We see that appeal when Worf spends time with the two surviving Klingons from the freighter, Korris and Konmel. I was pleasantly surprised by these scenes. I expected that the two "untamed" Klingons would mock Worf for his Federation duds, and they do, but the mocking doesn't last very long, and Worf doesn't seem especially humiliated by it. Korris is more interested in pitching his view of life to Worf, and of winning a new follower to his cause. He explains that he and his two companions were on the run from the Klingon Empire, because they disagreed with the government's attempts at peaceful co-existence. Korris is looking for a place where he and those who felt the same as him could fight and die with honor.

It's a concept that finds a sympathetic ear in Worf, who we learn was orphaned at a young age and raised by humans. (Yeah, he's Superman. Deal.) His whole life, he's struggled with his instincts, without anyone around to explain to him how to cope, which makes him a lot more interesting than the series had ever indicated before. What's even better is that, despite the clear temptation, you never get the impression that Worf seriously considers joining up with Korris. Part of that is basic practicality, since Korris never really comes close to succeeding, but there more important angle is that Worf has committed to his role on the ship. As he explains to Korris in the episode's climax, the true test of the warrior is the battle within, and cheesy or not, it shows him in a new, and very compelling, light.

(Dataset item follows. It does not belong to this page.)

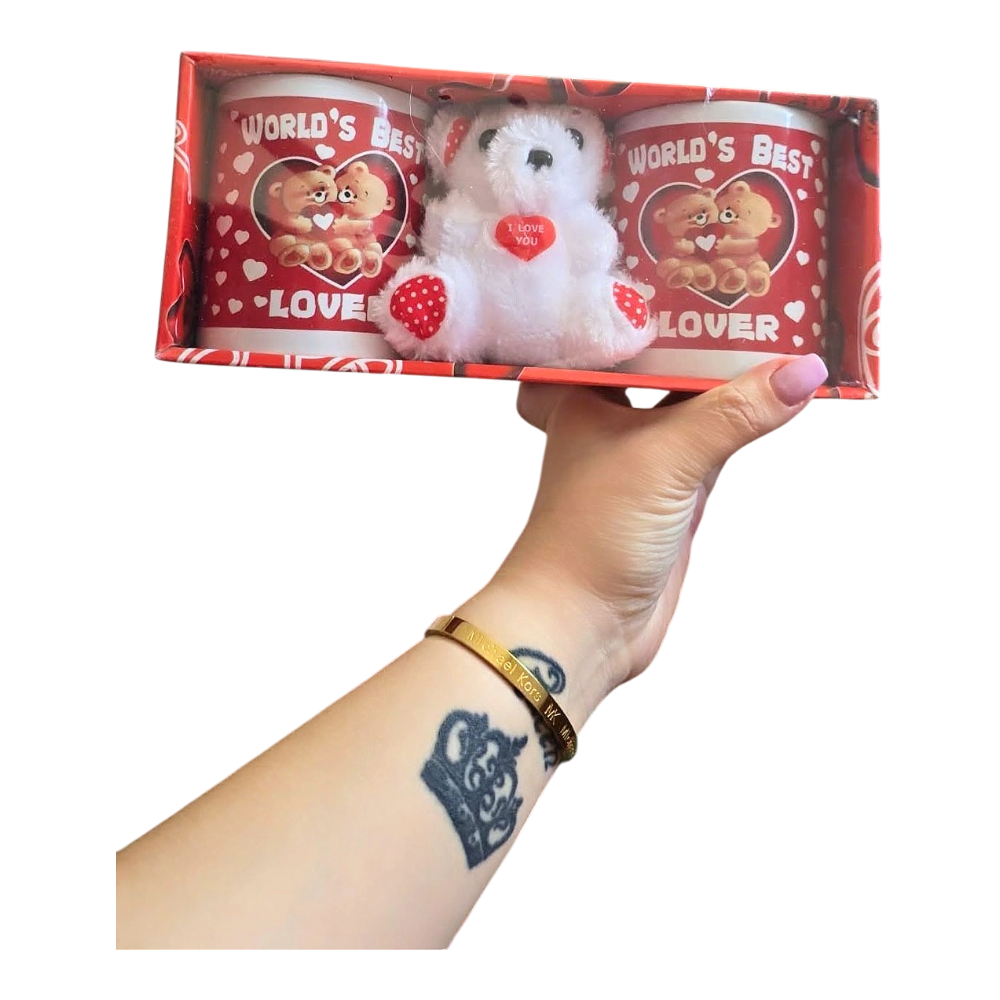 Gift set consisting of two mugs with teddy bear images and a small plush teddy bear.

Oh, there's more plot; a Klingon ship meets the Enterprise and demands that Korris and Konmel be handed over for trial and execution. Yar and a security team arrest the two, and Yar nearly creates a scene when Korris encounters a young child before being taken into custody. Yar assumes a hostage situation (I understand being cautious, but the woman goes into every situation expecting the worst, and she often takes steps to ensure those expectations aren't disappointed), and Worf has to explain to her that Klingons don't take hostages. Again, Korris is a criminal, but he's sympathetic and he has a code of honor to follow. It would've been much easier to just make him an outright psychopath, but this is much more compelling, and it means that when Korris finally dies, and Worf repeats the funeral ritual, the sense of loss feels earned.

Grade: B+

Stray Observations:

  • Picard really reads the riot act to Mandl and his team of misfits. "Tell them about the pattern in the sand." "Oh yes, do tell us." (Can't really convey it in text, but it was very funny on screen.)
  • I want to start a punk band and I want to name it Ugly Bags Of Mostly Water. Who's with me?
  • "It's a good thing you're cute, Wesley, or you could really be obnoxious." Okay, I'm beginning to see my problem with the character, then. (Also, "She thinks I'm cuuuuuuuute!")
  • "They are warning the dead, sir. Beware: a Klingon warrior is about to arrive." Hell. Yes.